The breakthrough, which pushed the pound to six-week highs on currency markets, came hours after Barnier said that an agreement was "within our grasp" if both sides compromised.

An EU summit last week had said any compromises would have to come from Britain, angering Johnson's government which then threatened to walk away.

Barnier also said the 27-nation bloc would proceed on "the basis of legal texts", satisfying British demands for an intensification of the process to finalise a treaty.

Johnson's spokesman said if the talks failed, the UK would end the transition period on a barebones arrangement with the EU governed by World Trade Organization quotas and tariffs, "and will prosper in doing so".

However, such a "no deal" Brexit scenario in just over two months could see huge disruption to EU-UK business, just as both sides grapple with the economic havoc of the coronavirus pandemic.

Anxiety has been mounting about the likely repercussions of that, with European fishermen notably warning they face ruin if deprived of access to Britain's rich waters.
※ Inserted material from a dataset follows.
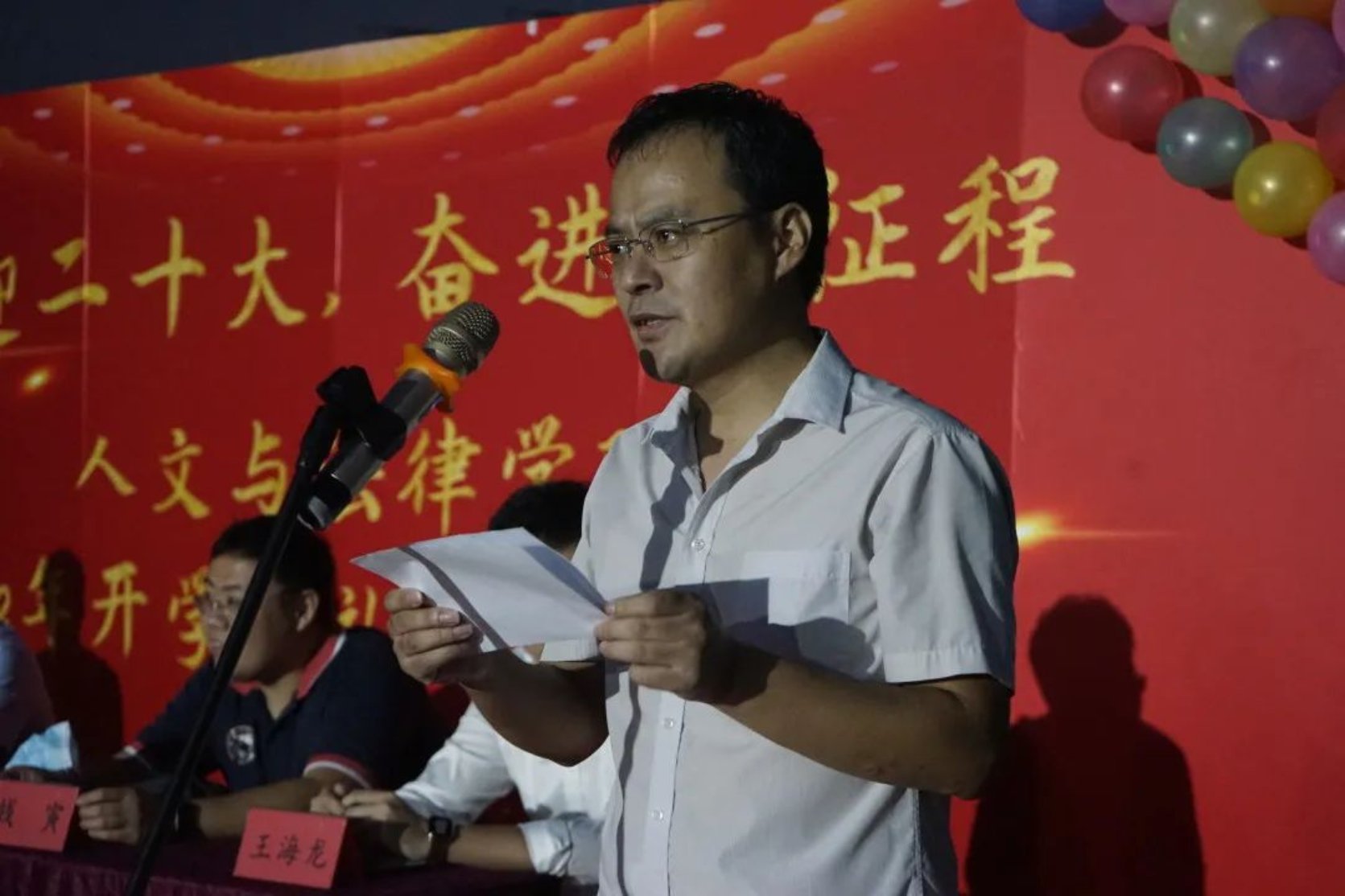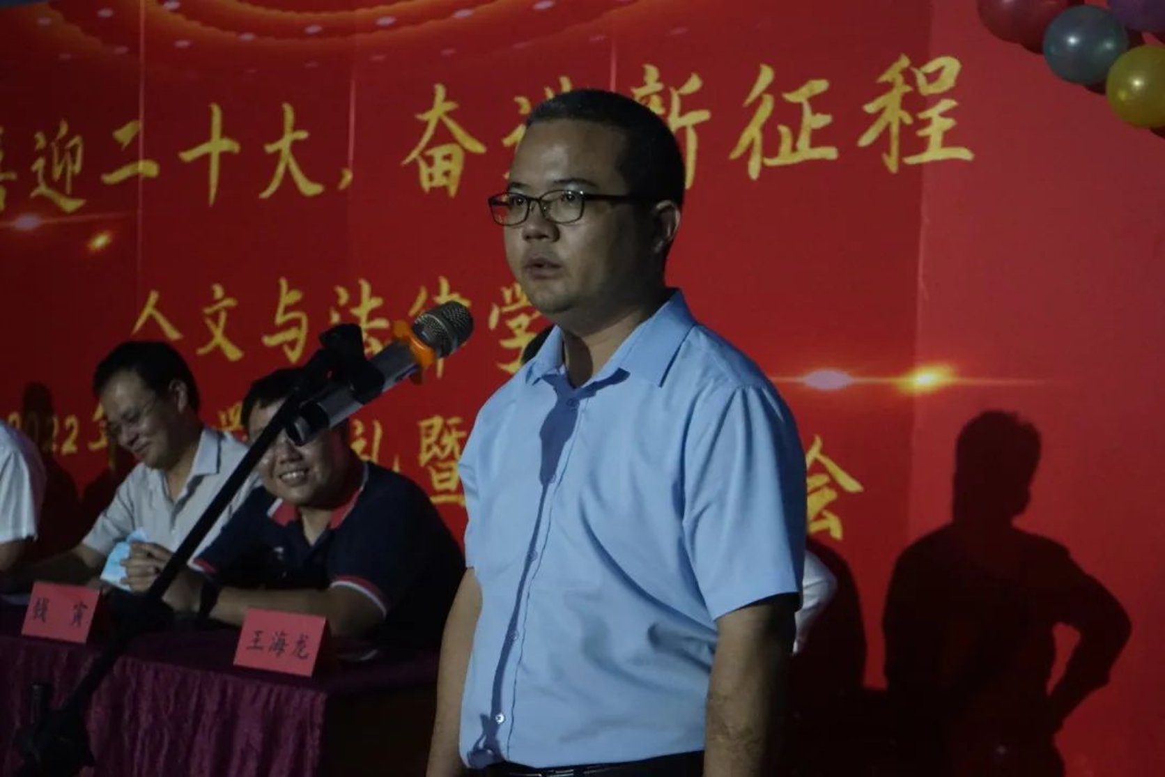 从入学来一直陪伴着新生的2022级新生辅导员王鑫老师发言。“勤慎公忠为理想,工学并举薪火长”,他要求同学们追求卓越,全面发展,投身建设祖国的伟大事业。王老师还强调同学们应拥有适应能力、学习能力、做人做事的能力。“见贤思齐焉,见不贤而内自省”,一代人有一代人的际遇,王老师也表示期待与新生一起拥抱未来,做最好的自己。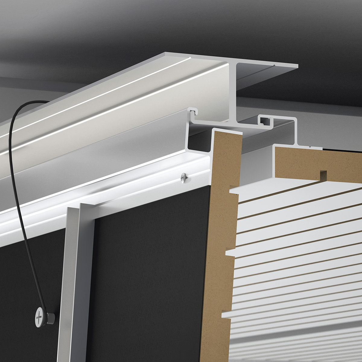Sistema modulare per soluzioni fonoassorbenti a controsoffitto, risponde all’esigenza di facile ispezionabilità dei controsoffitti e della manutenzione degli impianti sovrastanti. Il sistema di profili permette l’apertura

On the UK side, businesses complain the government is failing to prepare on an array of fronts. Even with a trade deal, British companies will still need to wade through reams of new red tape to ensure their goods comply with EU standards.

That applies especially to road hauliers transporting goods to France through ports in southeast England, who will need a special new permit to enter the county of Kent to prove their cargoes are EU-compliant.

In a bid to prevent EU-bound trucks from snarling up the region's roads from January 1, the government Thursday submitted new legislation to enforce fines on lorry drivers who enter Kent without the permit.

"As in all aspects of business," Malthouse said, "you prepare for the worst and hope for the best".